Persia’s Prime Minister altered plans for the Báb to meet Muhammad Shah

At the distance of less than thirty miles from the capital, however, in the fortress of Kinár-Gird, a messenger delivered to Muhammad Big, who headed the escort, a written order from Hájí Mírzá Áqásí instructing him to proceed to Kulayn, and there await further instructions. 

- Shoghi Effendi  (Chapter 1, ‘God Passes By’)

7/26/20

The nephew of Isfahán's late Governor encouraged the Sháh to issue a second summon for the Báb to be sent to Tihrán

The ruthless and rapacious Gurgín Khán, the deputy governor, induced the Sháh to issue a second summons ordering that the captive Youth be sent in disguise to Tihrán, accompanied by a mounted escort. To this written mandate of the sovereign the vile Gurgín Khán, who had previously discovered and destroyed the will of his uncle, the Mu‘tamid, and seized his property, unhesitatingly responded. 
- Shoghi Effendi  (Chapter 1, ‘God Passes By’)

7/22/20

The Governor of Isfahán expressed his desire to assist with the spread of the new religion

It was in those days that the host expressed the desire to consecrate all his possessions, evaluated by his contemporaries at no less than forty million francs, to the furtherance of the interests of the new Faith, declared his intention of converting Muhammad Sháh, of inducing him to rid himself of a shameful and profligate minister, and of obtaining his royal assent to the marriage of one of his sisters with the Báb. The sudden death of the Mu‘tamid, [the Governor] however, foretold by the Báb Himself, accelerated the course of the approaching crisis. 
- Shoghi Effendi  (Chapter 1, ‘God Passes By’)

7/18/20

The Governor of Isfahán conceived a plan to protect the Báb

The Mu‘tamid, in his great embarrassment, and in order to appease the rising tumult, conceived a plan whereby an increasingly restive populace were made to believe that the Báb had left for Tihrán, while he succeeded in insuring for Him a brief respite of four months in the privacy of the ‘Imárat-i-Khurshíd, the governor’s private residence in Isfahán. 
- Shoghi Effendi  (Chapter 1, ‘God Passes By’)

7/15/20

The ecclesiastical leaders of Isfahán issued a document “denouncing the Báb as a heretic and condemning Him to death”

Meanwhile the mujtahids and ‘ulamás, dismayed at the signs of so pervasive an influence, summoned a gathering which issued an abusive document signed and sealed by the ecclesiastical leaders of the city, denouncing the Báb as a heretic and condemning Him to death.

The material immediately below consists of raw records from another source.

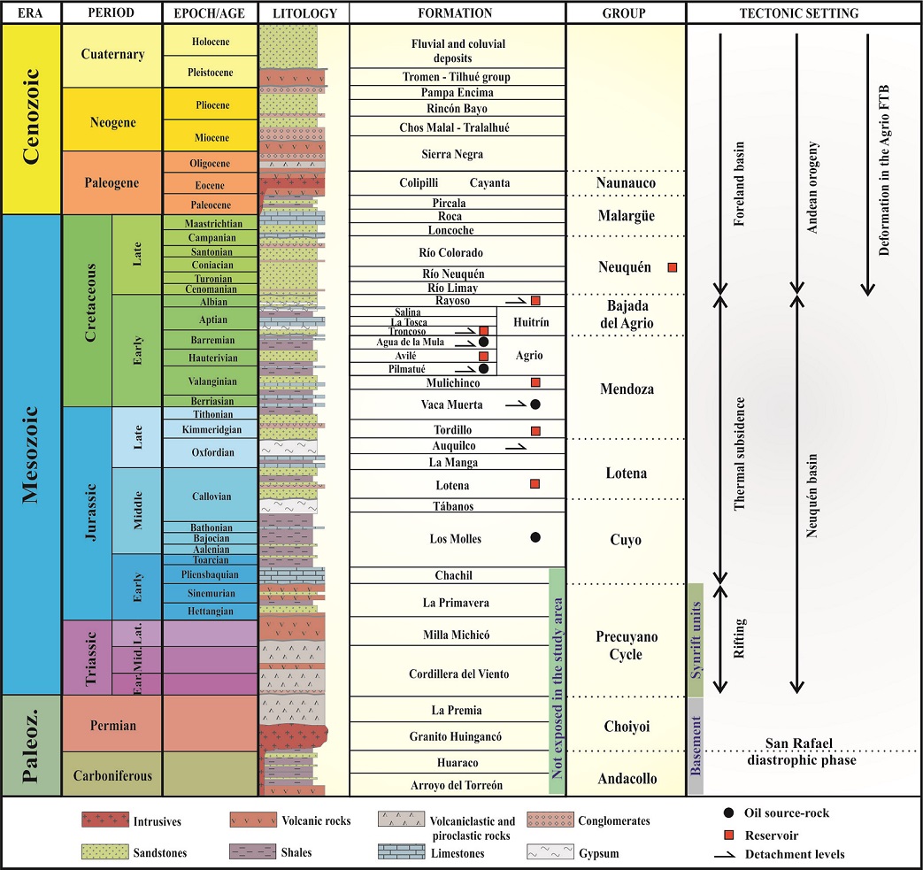 This work was financed by CONICET PIP 0583, CONICET P-UE47CO, FONCYT PICT 2015-0419 y SECYTUNS PGI 24/h136. We are grateful to the Departmento de Geología of the Universidad Nacional del Sur and INGEOSUR-CONICET for logistical and financial support. We also acknowledge the Subsecretaría de Energía, Minería e Hidrocarburos of the Neuquén Province for providing the seismic lines and well information, and the Municipalidad of Chos Malal for supporting the field work. We greatly appreciate the comments and suggestions by reviewer J. Skármeta and Editor W. Vivallo, which considerably improved this paper.
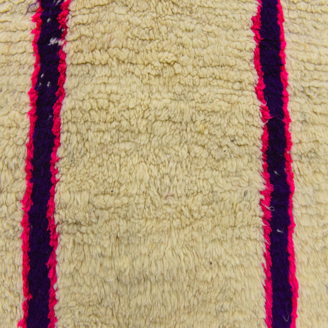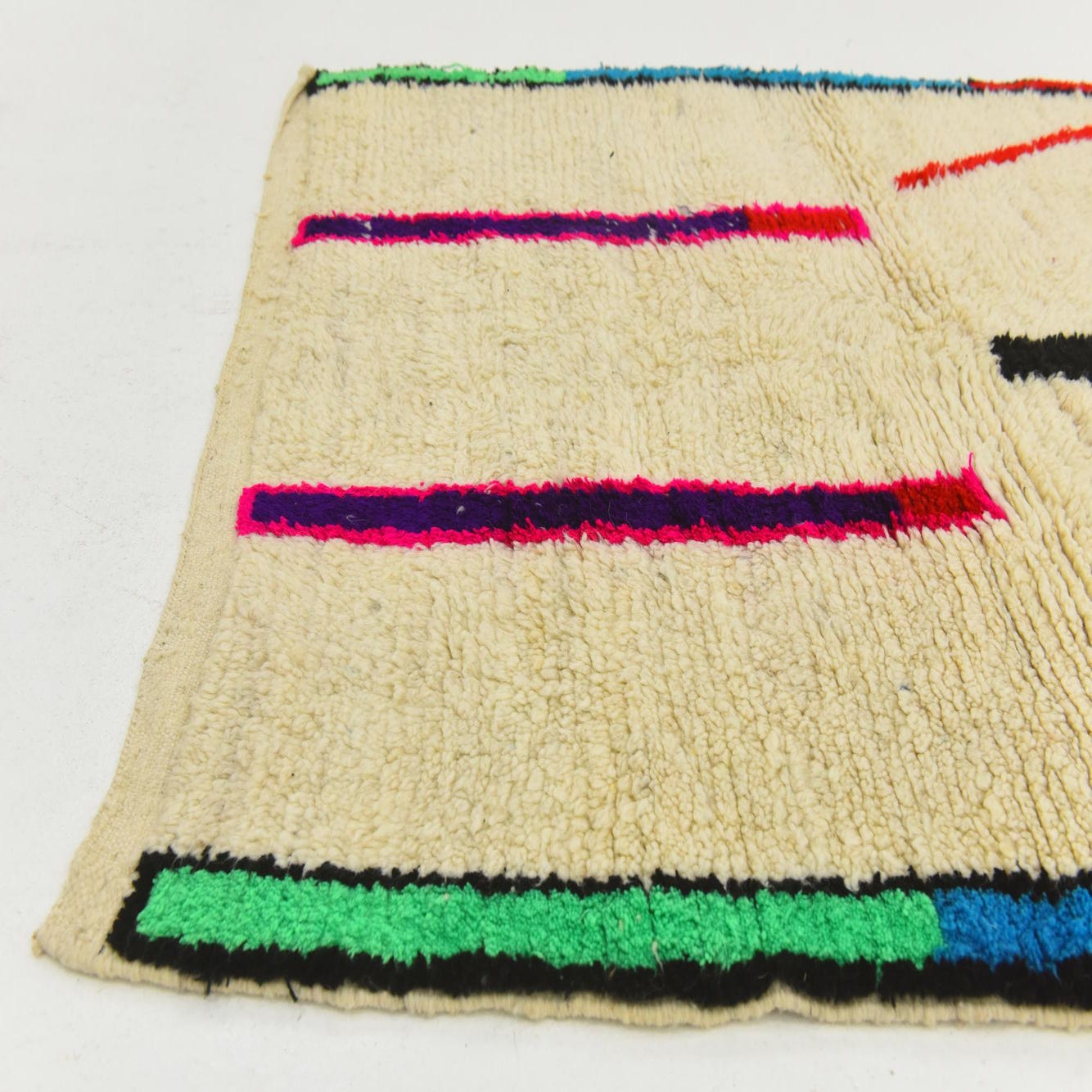 This Moroccan collection rug presents a hand-knotted weave of 100% wool, offering a tactile texture that is both soft and durable. The rug measures 3x5, making it a versatile size for a variety of spaces. The ivory background provides a subtle canvas for a series of linear patterns in a striking color palette, including black, blue, green, purple, and red accents.
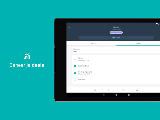 📈 Beheer je deals op elk moment. Verkoop onderweg, update CRM-gegevens in realtime en sluit je deals sneller af. Voeg nieuwe deals toe of verplaats bestaande deals in je dealflow.
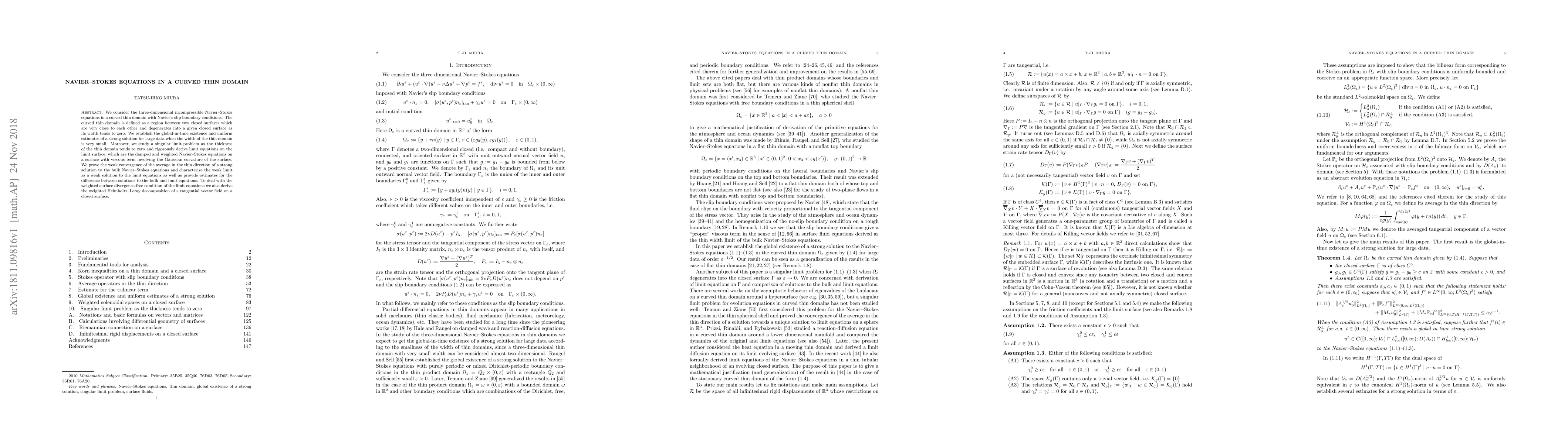 This paper establishes global-in-time existence and uniform estimates for strong solutions to the Navier-Stokes equations in a curved thin domain with Navier's slip conditions. It also investigates the singular limit as the domain thickness approaches zero, deriving limit equations on the surface and proving weak convergence to these equations.
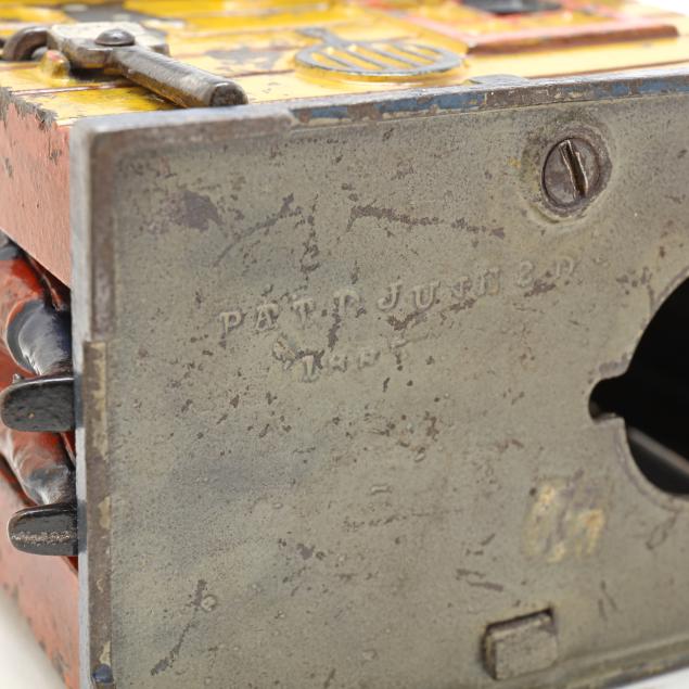Cromwell, Connecticut, patented 1885, designed by Edward L. Morris, painted cast iron, to use bank: place coin on roof above man's head, move broom handle on right side of building back and the man will flip to kick the coin into the bank, underside stamped "PATD JUNE 2 - /1885" and with old auction label affixed.
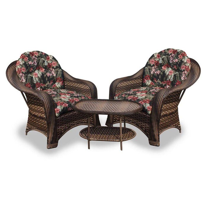 Conjunto de Poltronas Fibra Sintética Janaína - 2 Poltronas + 1 Mesa Centro - Tecido Maui Preto
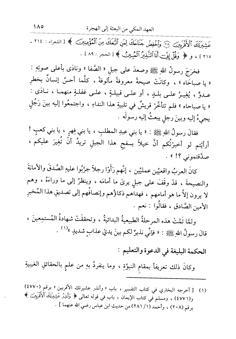 عَشِيرَتَكَ الْأَقْرَبِينَ (214) وَاخْفِضْ جَناحَكَ لِمَنِ اتَّبَعَكَ مِنَ الْمُؤْمِنِينَ [الشعراء: 214- 215] ، ووَ قُلْ إِنِّي أَنَا النَّذِيرُ الْمُبِينُ [الحجر: 89] .
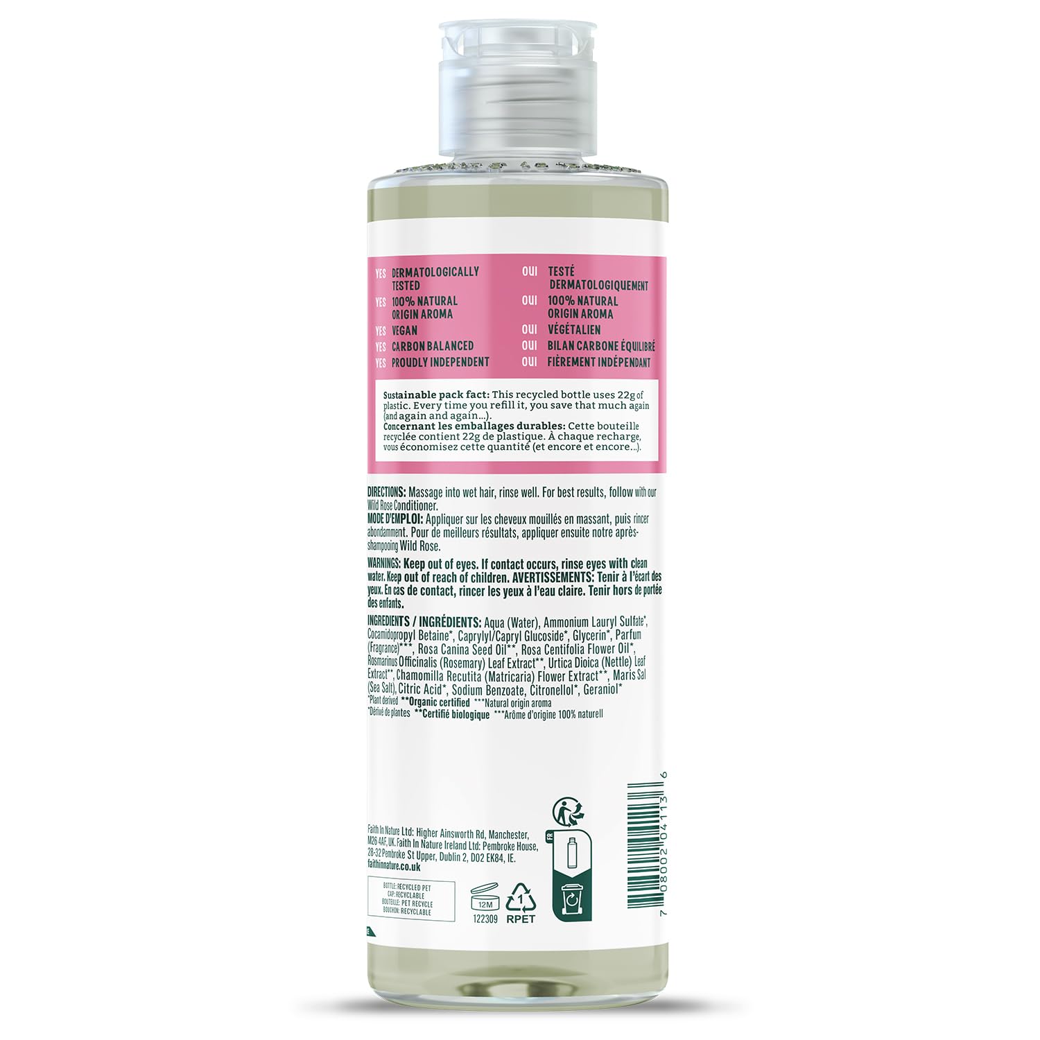 Faith In Nature Natürliches Wildrosen-Shampoo, Ausgleichend, Vegan und Frei von Tierversuchen, Ohne SLS Oder Parabene, Für Alle Haartypen, 400ml
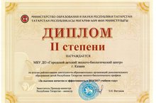 По итогам рейтингования деятельности образовательных организаций дополнительного образования детей Республики Татарстан эколого-биологического профиля Городской детский эколого-биологический центр г.Казани награжден дипломом II степени за высокое качество и эффективность в 2016/2017 учебном году.

Even the Imám-Jum‘ih was constrained to add his written testimony that the Accused was devoid of reason and judgment. 
- Shoghi Effendi  (Chapter 1, ‘God Passes By’)

7/11/20

The King of Persia summoned the Báb to Tihrán

The Sháh himself was induced to summon the Báb to his capital. Manuchihr Khán, bidden to arrange for His departure, decided to transfer His residence temporarily to his own home. 
- Shoghi Effendi  (Chapter 1, ‘God Passes By’)

7/7/20

The Prime Minister became fearful of the Báb’s popularity in Isfahán

The overbearing and crafty Hájí Mírzá Áqásí, fearful lest the sway of the Báb encompass his sovereign and thus seal his own doom, was aroused as never before. Prompted by a suspicion that the Báb possessed the secret sympathies of the Mu‘tamid, [the governor of Isfahán]and well aware of the confidence reposed in him by the Sháh, he severely upbraided the Imám-Jum‘ih for the neglect of his sacred duty. He, at the same time, lavished, in several letters, his favors upon the ‘ulamás of Isfahán, whom he had hitherto ignored. From the pulpits of that city an incited clergy began to hurl vituperation and calumny upon the Author of what was to them a hateful and much to be feared heresy. 
- Shoghi Effendi  (Chapter 1, ‘God Passes By’)

7/2/20

The ecclesiastical authorities in Isfahán were alarmed because of the “popularity enjoyed by the Báb, His personal prestige, and the honors accorded Him by His countrymen”

These evidences of the growing ascendancy exercised by an unlearned Youth on the governor and the people of a city rightly regarded as one of the strongholds of Shí‘ah Islám, alarmed the ecclesiastical authorities. Refraining from any act of open hostility which they knew full well would defeat their purpose, they sought, by encouraging the circulation of the wildest rumors, to induce the Grand Vizir of the Sháh to save a situation that was growing hourly more acute and menacing. The popularity enjoyed by the Báb, His personal prestige, and the honors accorded Him by His countrymen, had now reached their high watermark. The shadows of an impending doom began to fast gather about Him. A series of tragedies from then on followed in rapid sequence destined to culminate in His own death and the apparent extinction of the influence of His Faith. 
- Shoghi Effendi  (Chapter 1, ‘God Passes By’)

6/28/20

The Christian governor of Isfahán embraced Islam as a result of a “dissertation” that the Báb revealed at his request before “a brilliant assemblage of the most accomplished divines”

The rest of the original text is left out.